Loss of mangroves and the loss of 48 acres of water displacement that will now be pushed directly back into the streets and local neighborhoods. There is no area left for retention ponds or soil of any kind to absorb or dissipate storm water slowly. These roads are already flood prone. This giant over build will only add to the number of flooded homes in the area after every storm. Imagine 48 acres more water in your neighborhood after a storm like Ian or Milton.
Three thousand more people using public water while the northeast cape often has no drinking water
Water and boat pollution in area that is famous for its tarpon, snook, and other game fish and manatee, the exact thing that attracts people here. You are building something that will ruin the attraction to the area for everyone
A marina being built in an area with high manatee population, which is just a bad idea. Sirenia Vista Park, which is now famous for manatee viewing will become a great place to watch them get slaughtered by the heavy boat traffic. The kayak launch there will be dumping people out into a mad house every weekend and the fish and wildlife will slowly die off.
The city always claims to be concerned about the water quality and environment in the Cape yet they constantly approve plans like this that destroy water quality and the natural surrounding environment. This is a major estuary that will never be the same if they go through with the plan the way it is now.

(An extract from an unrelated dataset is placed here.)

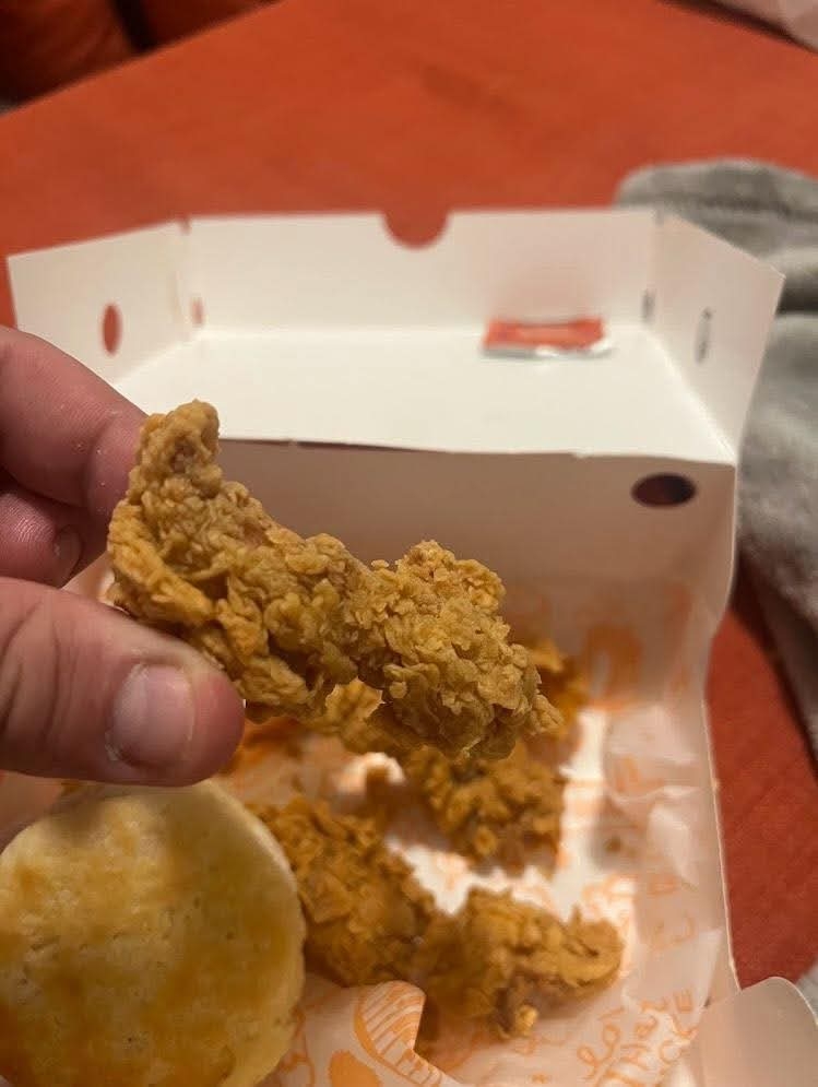 Read moreWe went here to try it out since it’s a new location in Sealy. Well dang, we won’t be going there again. First off, the app wasn’t working so we just ordered through the drive through. Well everything is a couple dollars more through the drive through than ordering on the app. We spent more than $25 on 2 combo meals, to then feel disgusting after trying to finish the food. The biscuit was really good, the fries were pretty good, but the chicken was not great. I bit into a chicken breast and it was 50% fried batter. Not much meat. My wife’s chicken tenders were inedible, we threw most of it in the garbage. She bit into one and it was completely dry, not to mention very thin and small. So were the other 2. Can’t believe we spent this much money to get sub par food and be reminded of how gross you feel after eating fast food. Fast food is just getting more expensive these days and getting worse and...
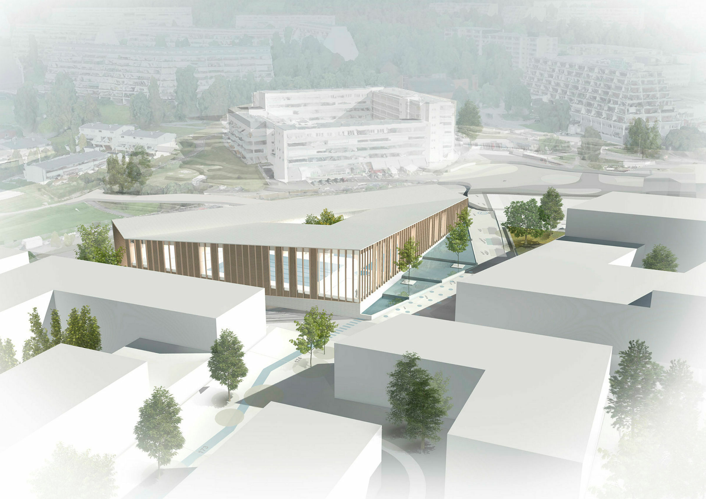 FUGLEPERSPEKTIV: Stovner Bad ble endelig vedtatt før påske, men nå kom nyheten om budsjettsprekk. (Illustrasjon:Dyrø og Moen Arkitekter.) Foto: Dyrø og Moen ArkitekterBilde 1 av 1

The only sensible and responsible thing for the city to do is to back out of this deal gracefully and start over using the knowledge they gained from the mistakes and unforeseen problems. They need a plan that does not take 30 years to complete. They need a plan that works with storm water management and flooding. They need a plan that works financially, environmentally, and is more considerate of the surround existing neighborhoods taking into account the small roads in and out of this area and the great costs in the future associated with correcting inadequate roads.